Assim, encontramos nos dias de hoje no uso da área taurina um
amplo corolário de palavras oriundas do espanhol para significarem
diversos aspectos da festa dos toiros. Ainda assim, cada uma delas
tem no seu haver uma razão de existir na língua portuguesa.
Apontamento histórico sobre a festa brava
Não se sabendo ao certo a origem da festa dos toiros, terá ela
nascido muito provavelmente da imperativa que comandava o
quotidiano do homem primitivo: procurar sustento para si próprio e
para a tribo. Logo de se valer da sua agilidade e inteligência para
burlar os furibundos ataques das feras córneas, terão os nossos
ancestres ganho o valor e a perícias necessários para se iniciarem
num rudimentar alarde de poderio pessoal que haveria de lhes
granjear, comumente, o reconhecimento dos seus iguais e, por isso,
um lugar de destaque dentro da sua comunidade. Daqui se explica
como depois da sua domesticação, o homem tenha insistido nesse
ritual combativo de enfrentar o animal mais fero do seu entorno.

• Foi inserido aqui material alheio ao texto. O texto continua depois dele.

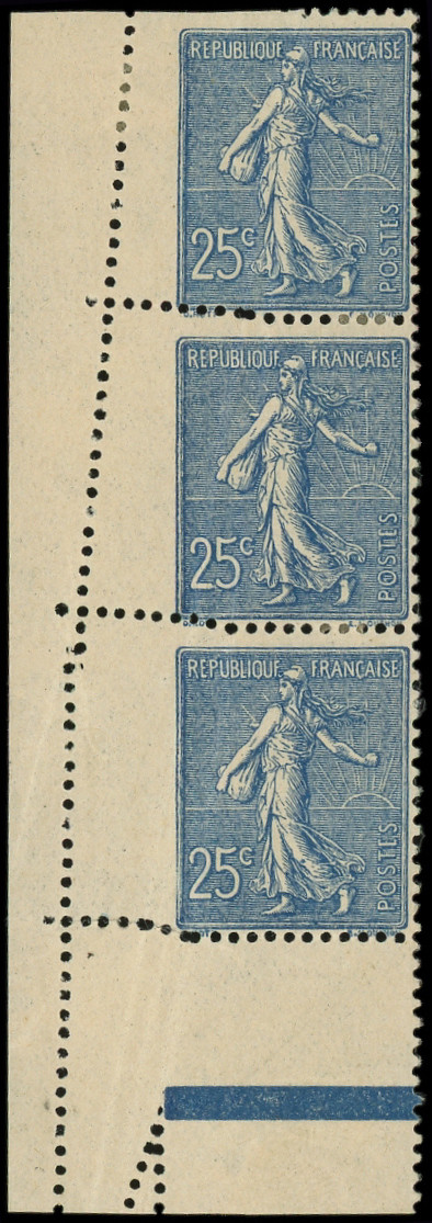 Lignée, 25c. bleu, BANDE de 3 cdf avec Variété de PIQUAGE, TB (Image)

Nas civilizações da Mesopotâmia e do Mediterrâneo, por
exemplo, o toiro veio a “representar os princípios criativos e
fecundantes da natureza assim o identificando amiúde com o pai dos
deuses, o deus criador” (Pedraza 2001: 23). Na Bíblia descrevem-se
sacrifícios de animais e nas epopéias gregas abundam as hecatombes
das quais vieram a surgir mais tarde os jogos táuricos: a taurocaptasia.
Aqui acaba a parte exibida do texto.